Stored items
※

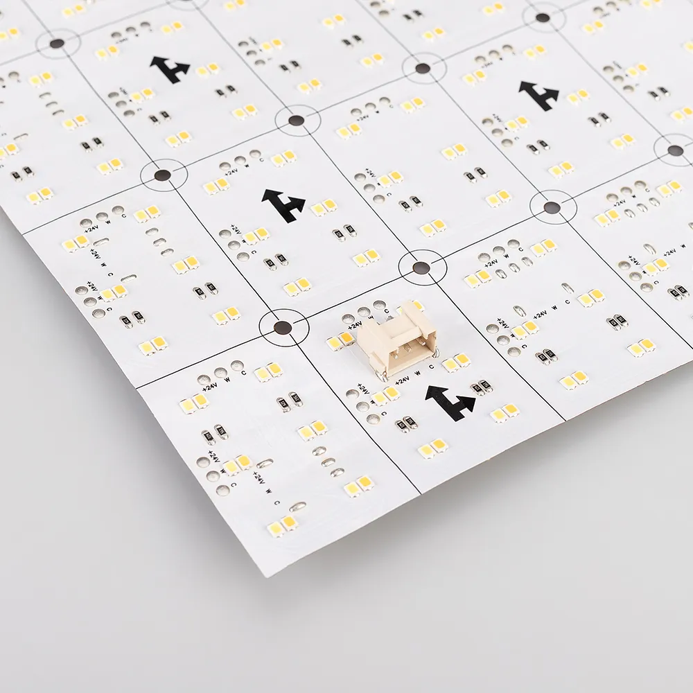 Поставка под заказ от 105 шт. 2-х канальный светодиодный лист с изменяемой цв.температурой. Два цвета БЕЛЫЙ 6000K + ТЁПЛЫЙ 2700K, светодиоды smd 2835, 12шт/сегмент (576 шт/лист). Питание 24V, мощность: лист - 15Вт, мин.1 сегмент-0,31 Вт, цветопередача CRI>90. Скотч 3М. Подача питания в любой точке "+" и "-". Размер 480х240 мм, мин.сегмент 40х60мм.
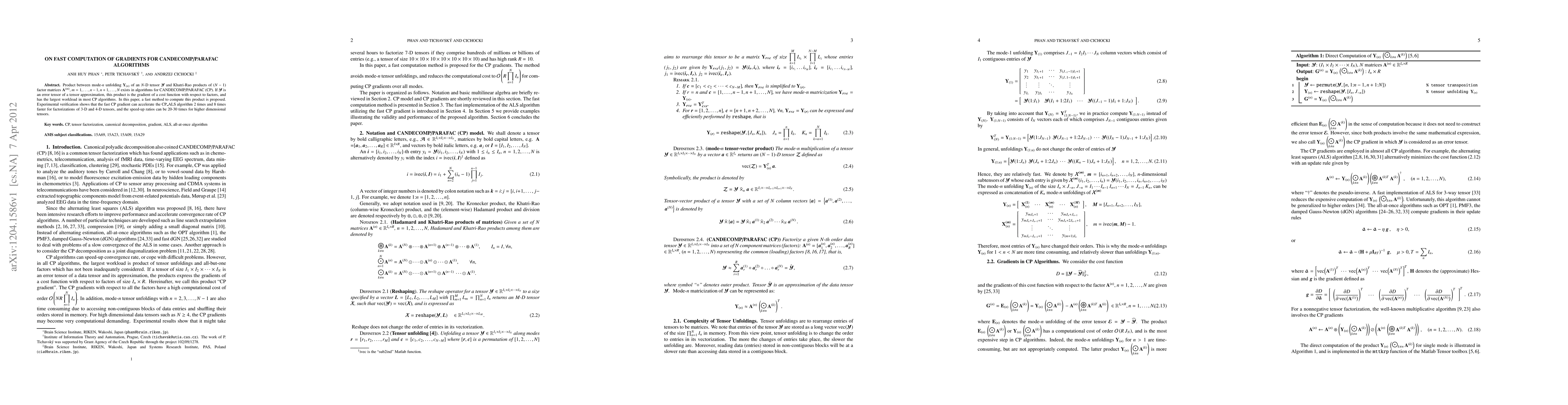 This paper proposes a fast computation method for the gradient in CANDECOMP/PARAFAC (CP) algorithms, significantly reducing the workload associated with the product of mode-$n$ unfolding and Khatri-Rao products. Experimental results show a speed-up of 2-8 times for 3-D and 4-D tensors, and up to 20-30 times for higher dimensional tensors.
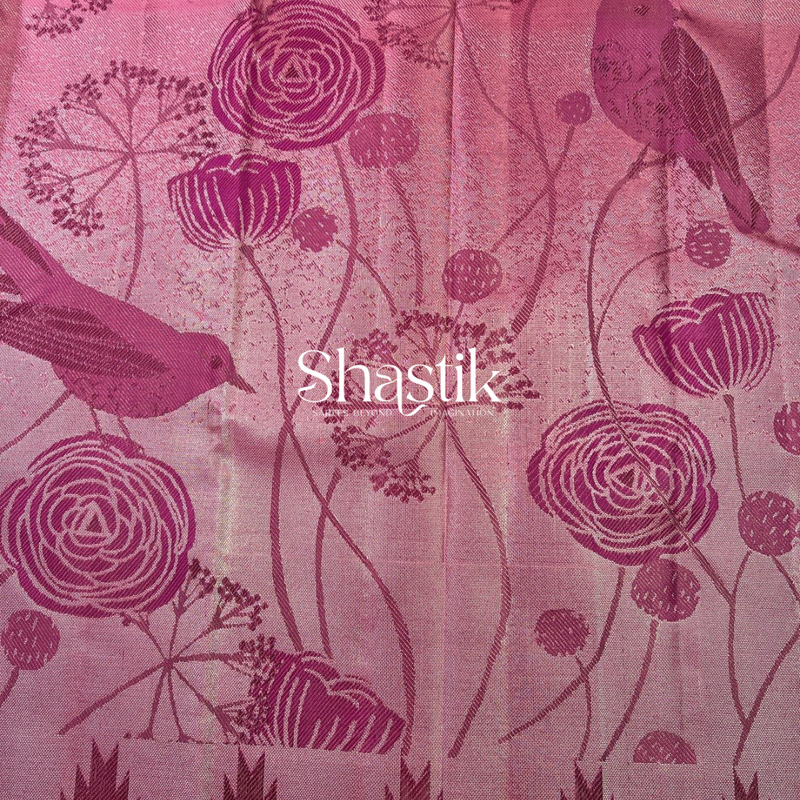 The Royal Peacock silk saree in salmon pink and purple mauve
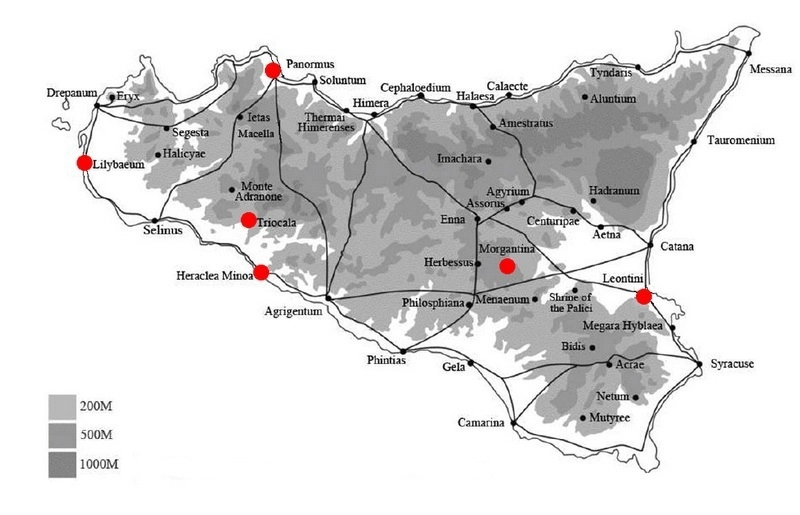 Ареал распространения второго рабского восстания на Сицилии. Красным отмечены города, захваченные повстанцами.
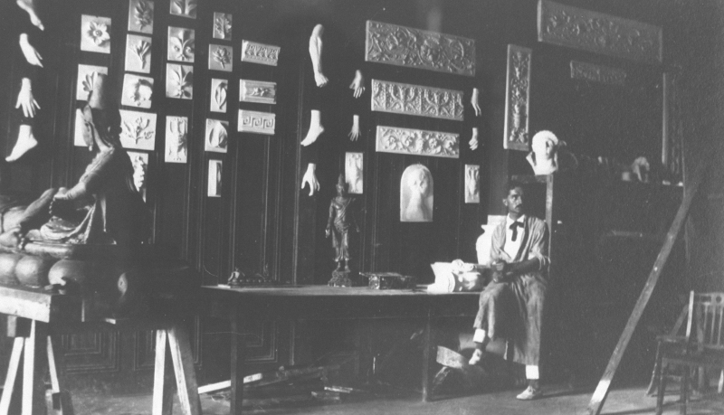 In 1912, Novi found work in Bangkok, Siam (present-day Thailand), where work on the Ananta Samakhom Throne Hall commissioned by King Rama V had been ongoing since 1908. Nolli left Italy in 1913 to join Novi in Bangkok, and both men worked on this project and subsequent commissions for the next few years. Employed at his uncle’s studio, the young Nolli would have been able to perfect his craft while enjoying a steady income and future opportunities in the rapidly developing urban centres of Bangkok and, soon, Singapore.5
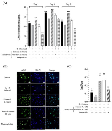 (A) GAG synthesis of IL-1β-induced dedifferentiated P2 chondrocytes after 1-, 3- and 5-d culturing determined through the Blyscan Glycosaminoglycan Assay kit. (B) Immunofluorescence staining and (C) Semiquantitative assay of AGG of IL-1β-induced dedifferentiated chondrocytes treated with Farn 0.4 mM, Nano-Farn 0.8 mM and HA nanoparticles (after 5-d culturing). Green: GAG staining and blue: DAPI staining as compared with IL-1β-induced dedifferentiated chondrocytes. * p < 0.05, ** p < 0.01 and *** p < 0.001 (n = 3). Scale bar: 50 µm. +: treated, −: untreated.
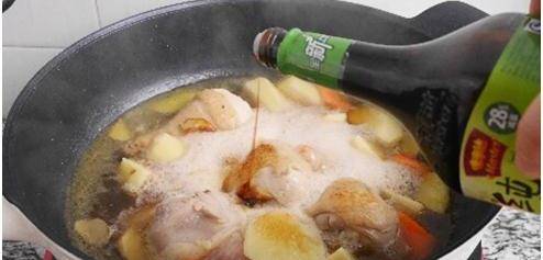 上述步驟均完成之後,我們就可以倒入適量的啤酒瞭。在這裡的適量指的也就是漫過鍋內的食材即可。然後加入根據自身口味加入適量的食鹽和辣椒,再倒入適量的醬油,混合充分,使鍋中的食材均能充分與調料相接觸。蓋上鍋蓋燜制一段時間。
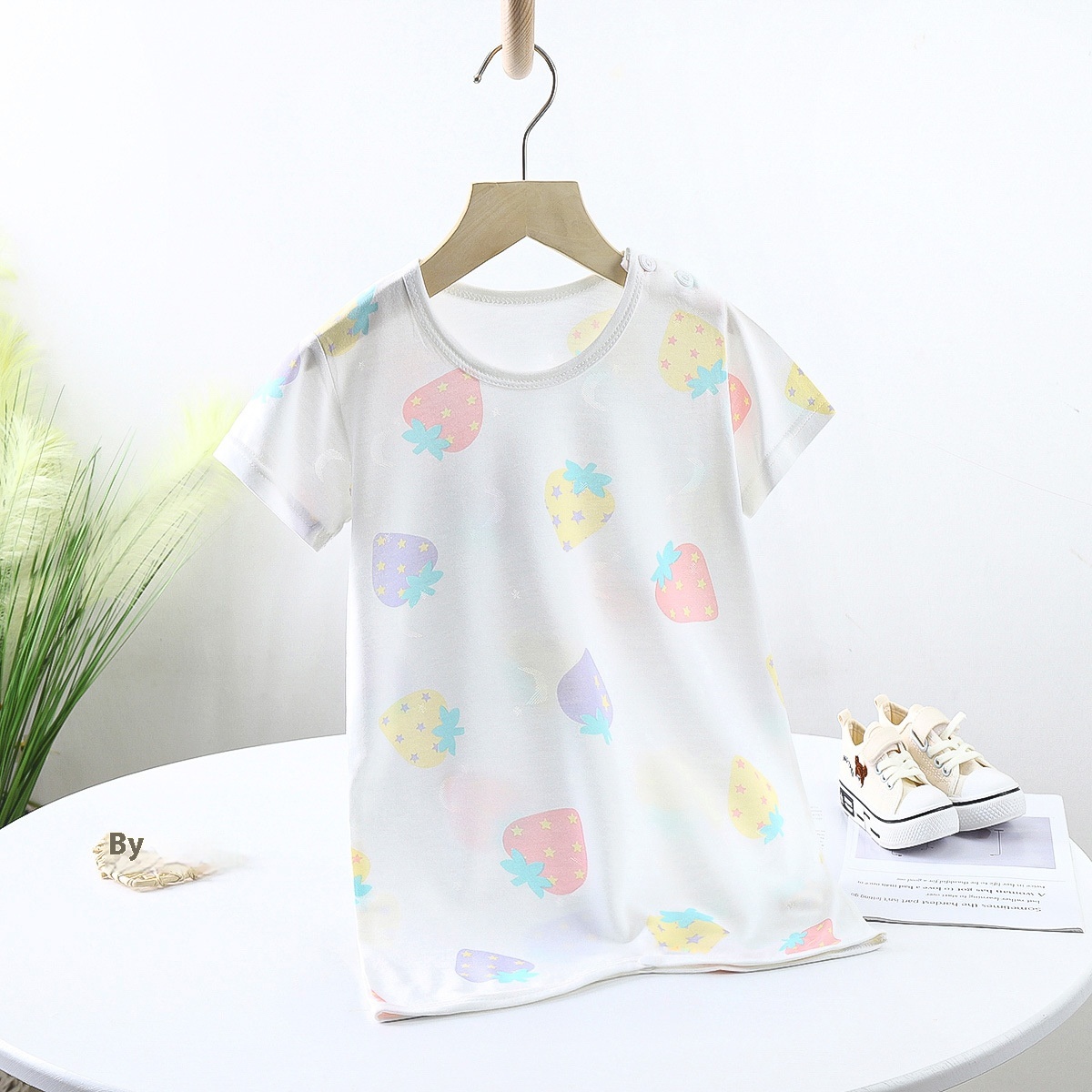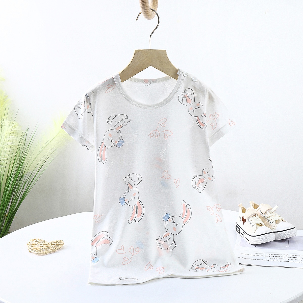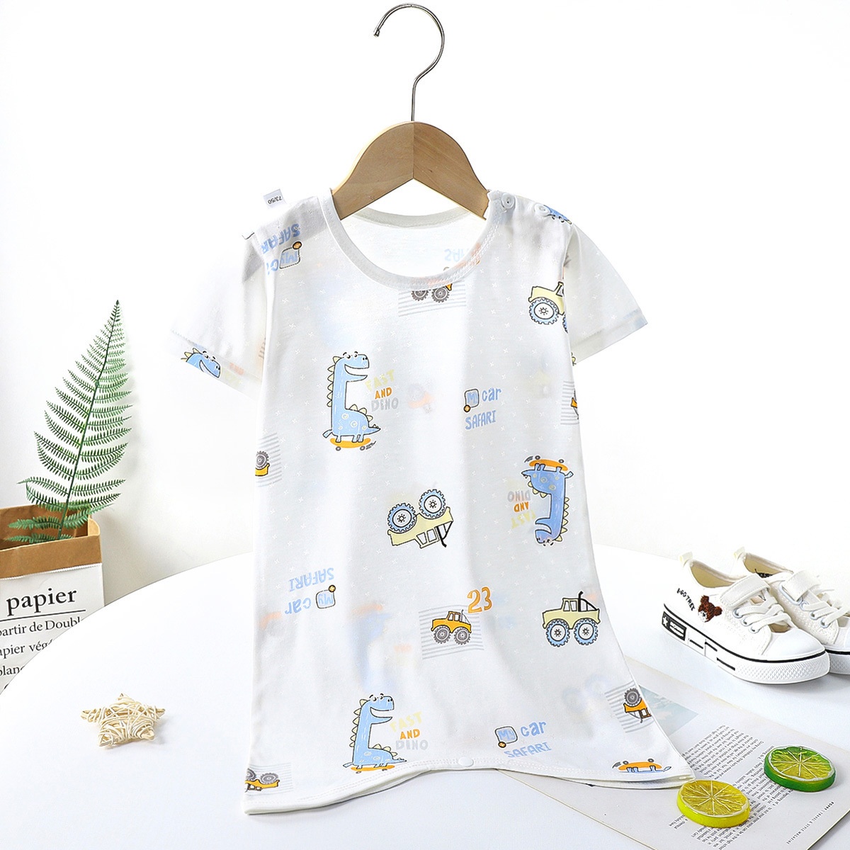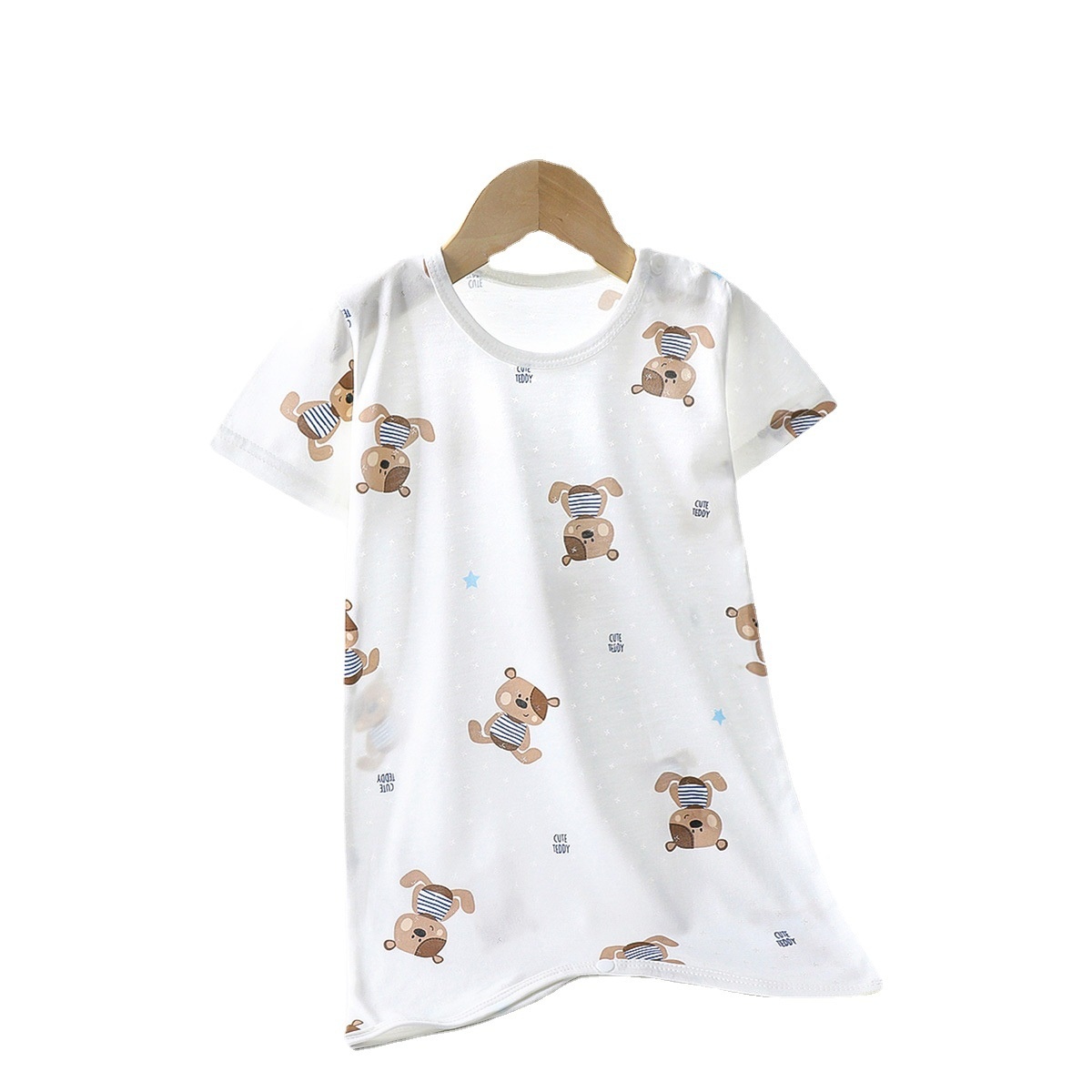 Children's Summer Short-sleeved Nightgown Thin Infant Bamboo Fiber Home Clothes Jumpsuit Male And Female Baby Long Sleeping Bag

※

- **WHAT YOU WILL DO**: Transcribe exactly, please, the lines between the start of the records above and the line holding "Ареал распространения второго", counting both of those lines and omitting pictures.

- **WRITTEN REPLY**:
 Поставка под заказ от 105 шт. 2-х канальный светодиодный лист с изменяемой цв.температурой. Два цвета БЕЛЫЙ 6000K + ТЁПЛЫЙ 2700K, светодиоды smd 2835, 12шт/сегмент (576 шт/лист). Питание 24V, мощность: лист - 15Вт, мин.1 сегмент-0,31 Вт, цветопередача CRI>90. Скотч 3М. Подача питания в любой точке "+" и "-". Размер 480х240 мм, мин.сегмент 40х60мм.
 This paper proposes a fast computation method for the gradient in CANDECOMP/PARAFAC (CP) algorithms, significantly reducing the workload associated with the product of mode-$n$ unfolding and Khatri-Rao products. Experimental results show a speed-up of 2-8 times for 3-D and 4-D tensors, and up to 20-30 times for higher dimensional tensors.
 The Royal Peacock silk saree in salmon pink and purple mauve
 Ареал распространения второго рабского восстания на Сицилии. Красным отмечены города, захваченные повстанцами.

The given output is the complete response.